# Information provided:
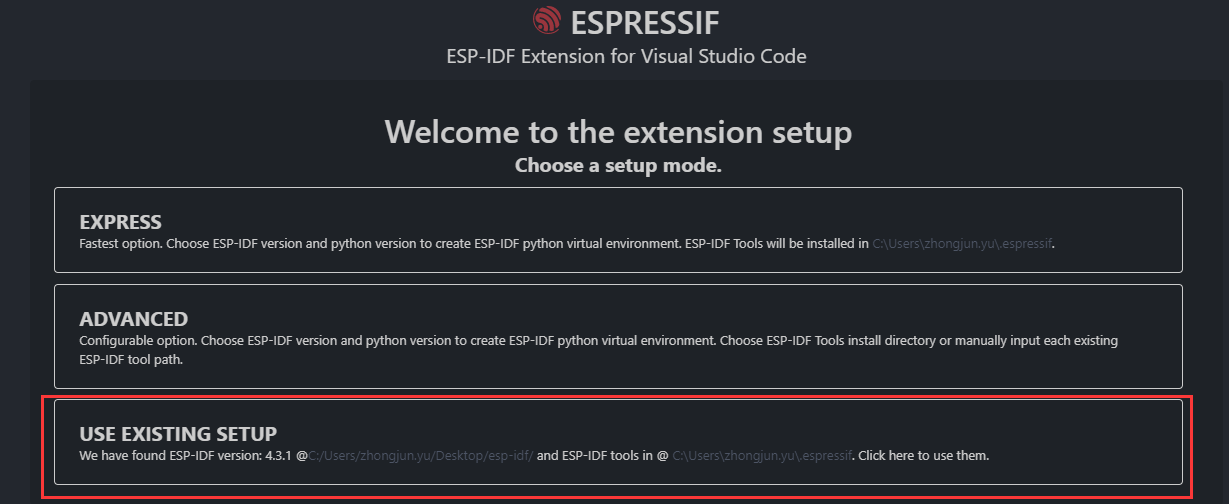 在这里我会提供两种方法来安装esp-idf,之所以会有两种方法,是因为我两台电脑,一台用简单的第一种方法安装不成功,所以我才找到了第二种安装方法!你们先可以尝试第一种方法,如果第一种方法不可行,那么再选择第二种方法!
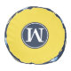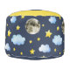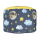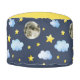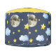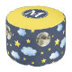 Navy blue background with seamless pattern of golden stars, moon and clouds, and a custom monogram in sans serif font on a double circle holder in two colors white and navy blue
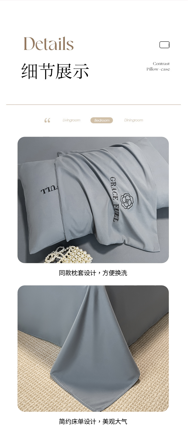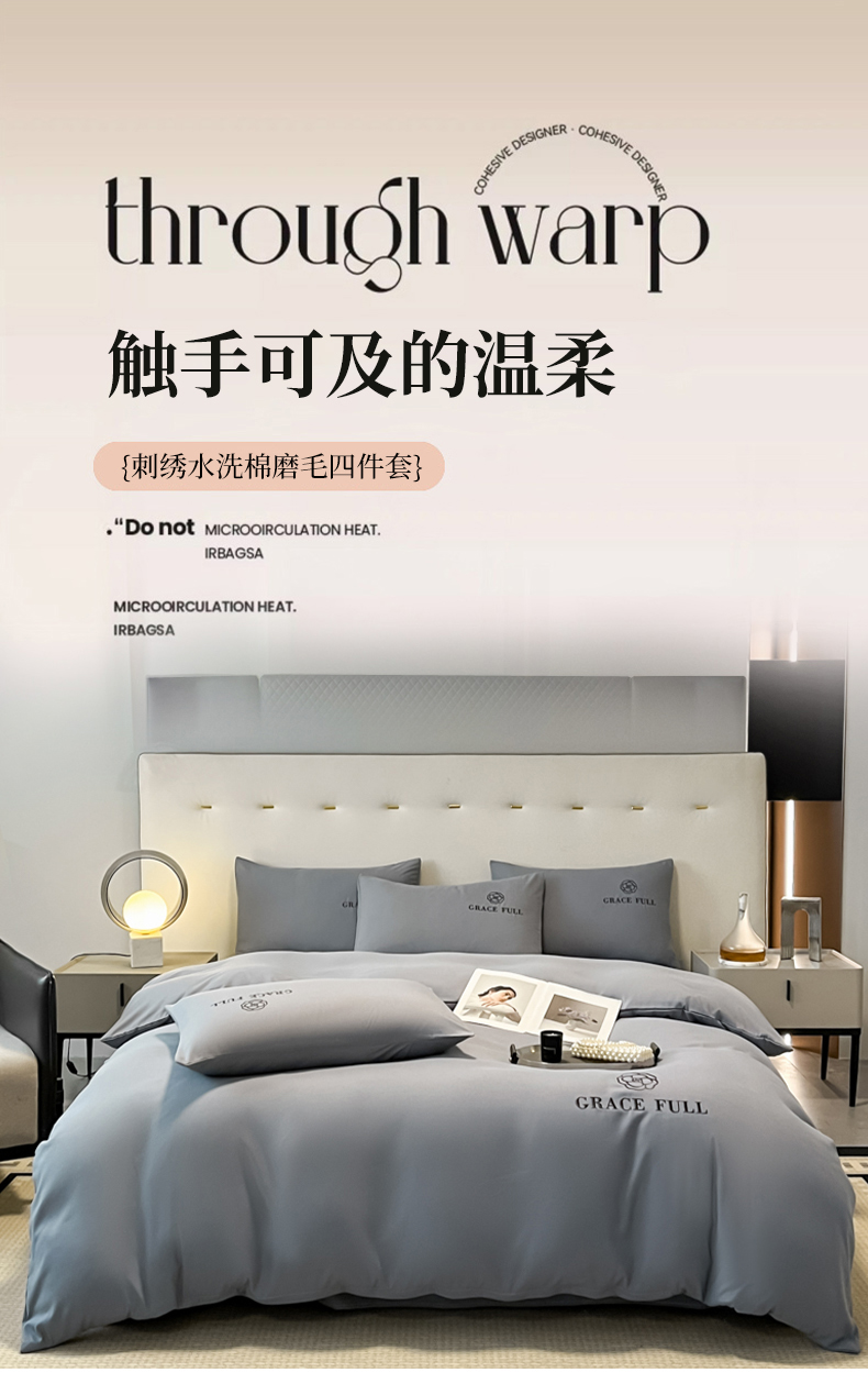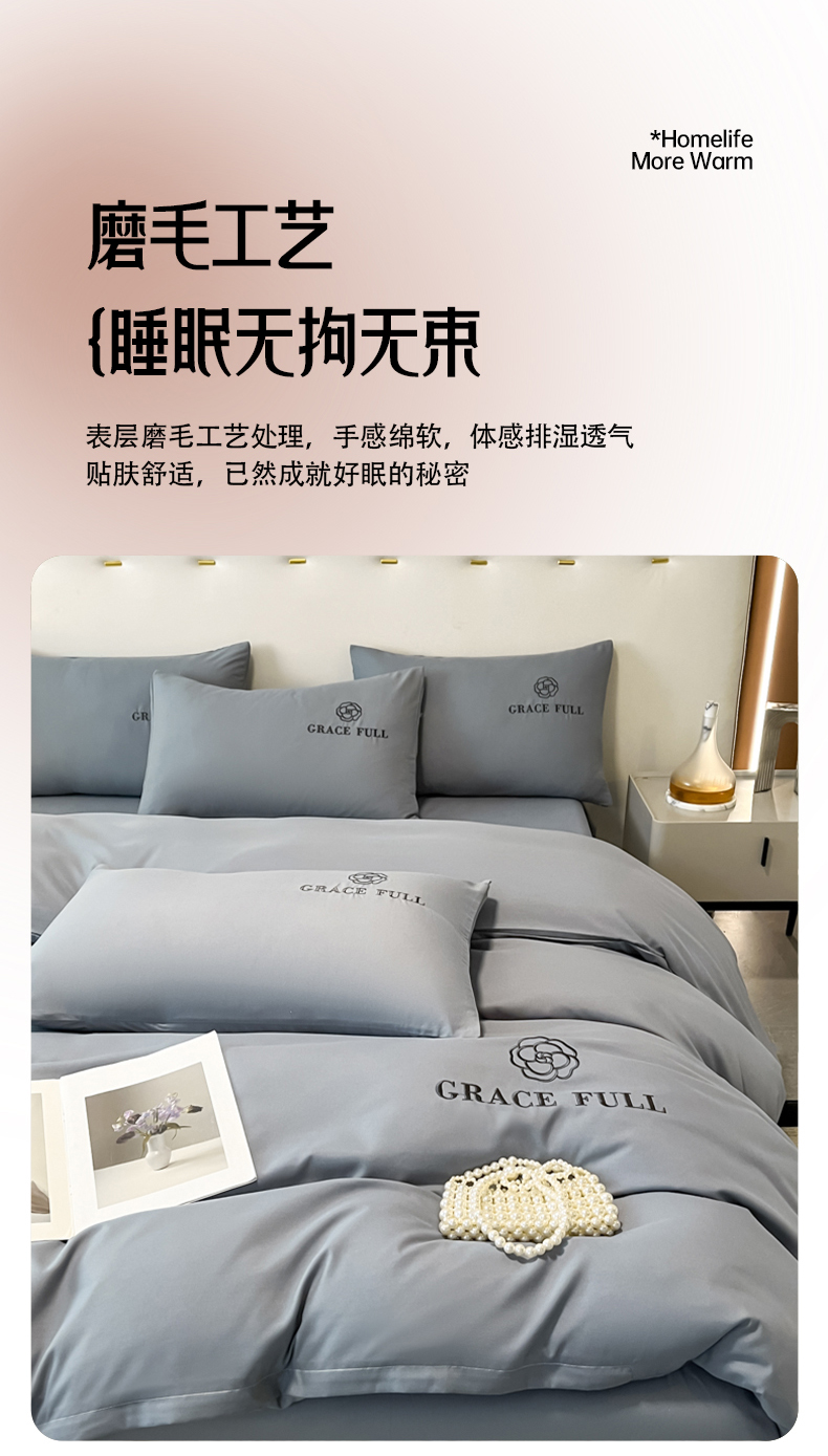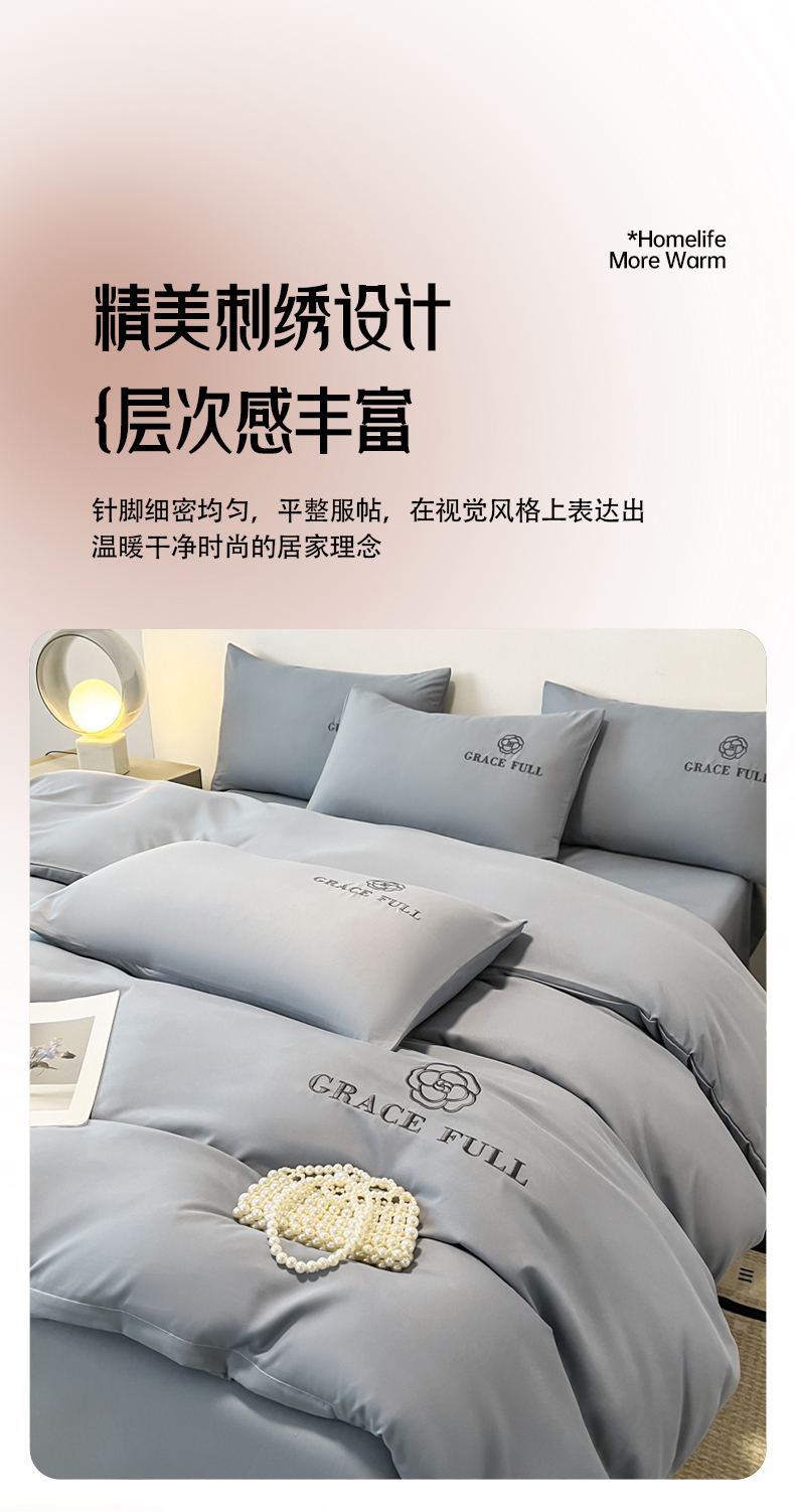 当前位置: 91家纺网 > 商品网购 > 床品套件 > 四件套 > 普通磨毛四件套 > 伊梵居 2025新款梵克系列刺绣水洗棉磨毛四件套 梵花-山灰色

# Your task:
Retype all of the material above exactly; the pictures stay out.

# Result of the task:
 在这里我会提供两种方法来安装esp-idf,之所以会有两种方法,是因为我两台电脑,一台用简单的第一种方法安装不成功,所以我才找到了第二种安装方法!你们先可以尝试第一种方法,如果第一种方法不可行,那么再选择第二种方法!
 Navy blue background with seamless pattern of golden stars, moon and clouds, and a custom monogram in sans serif font on a double circle holder in two colors white and navy blue
 当前位置: 91家纺网 > 商品网购 > 床品套件 > 四件套 > 普通磨毛四件套 > 伊梵居 2025新款梵克系列刺绣水洗棉磨毛四件套 梵花-山灰色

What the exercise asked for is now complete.